On Optimizing Interventions in Shared Autonomy
Tan, Weihao, Koleczek, David, Pradhan, Siddhant, Perello, Nicholas, Chettiar, Vivek, Rohra, Vishal, Rajaram, Aaslesha, Srinivasan, Soundararajan, Hossain, H M Sajjad, Chandak, Yash
Shared autonomy refers to approaches for enabling an autonomous agent to collaborate with a human with the aim of improving human performance.
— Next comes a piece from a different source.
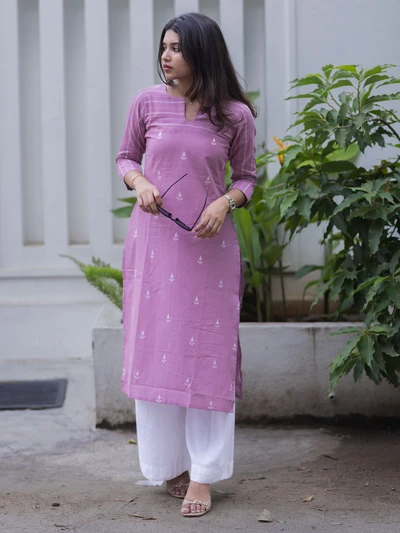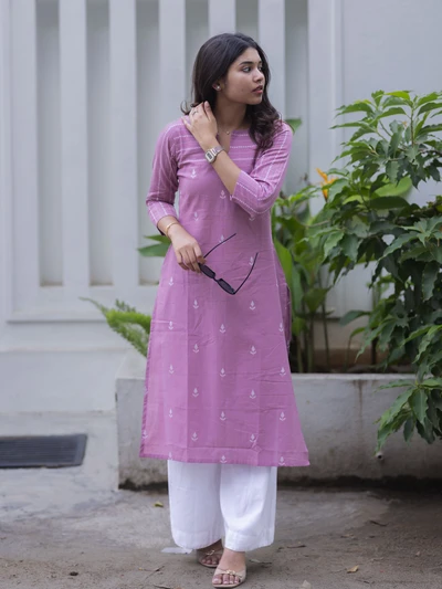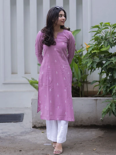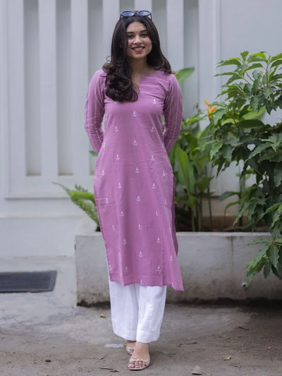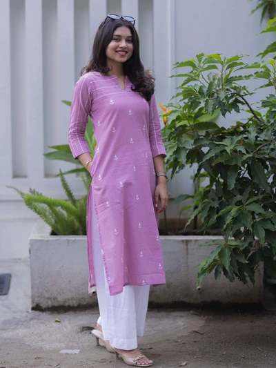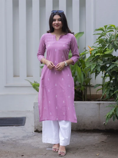 Soft Plum Striped Printed Kurta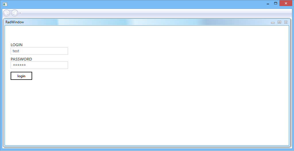 <telerik:RadWindow<br> x:Class="SomeProject.SomeFOlder.LoginWindow"<br> xmlns="http://schemas.microsoft.com/winfx/2006/xaml/presentation"<br> xmlns:x="http://schemas.microsoft.com/winfx/2006/xaml"<br> xmlns:telerik="http://schemas.telerik.com/2008/xaml/presentation"<br> telerik:StyleManager.Theme="Vista"><br> <Grid> ... </Grid><br></telerik:RadWindow>When I sturtup my project, I have got the next (see attach):

However, besides improving performance, it may often also be beneficial that the agent concurrently accounts for preserving the user's experience or satisfaction of collaboration. In order to address this additional goal, we examine approaches for improving the user experience by constraining the number of interventions by the autonomous agent. We propose two model-free reinforcement learning methods that can account for both hard and soft constraints on the number of interventions. We show that not only does our method outperform the existing baseline, but also eliminates the need to manually tune a black-box hyperparameter for controlling the level of assistance. We also provide an in-depth analysis of intervention scenarios in order to further illuminate system understanding.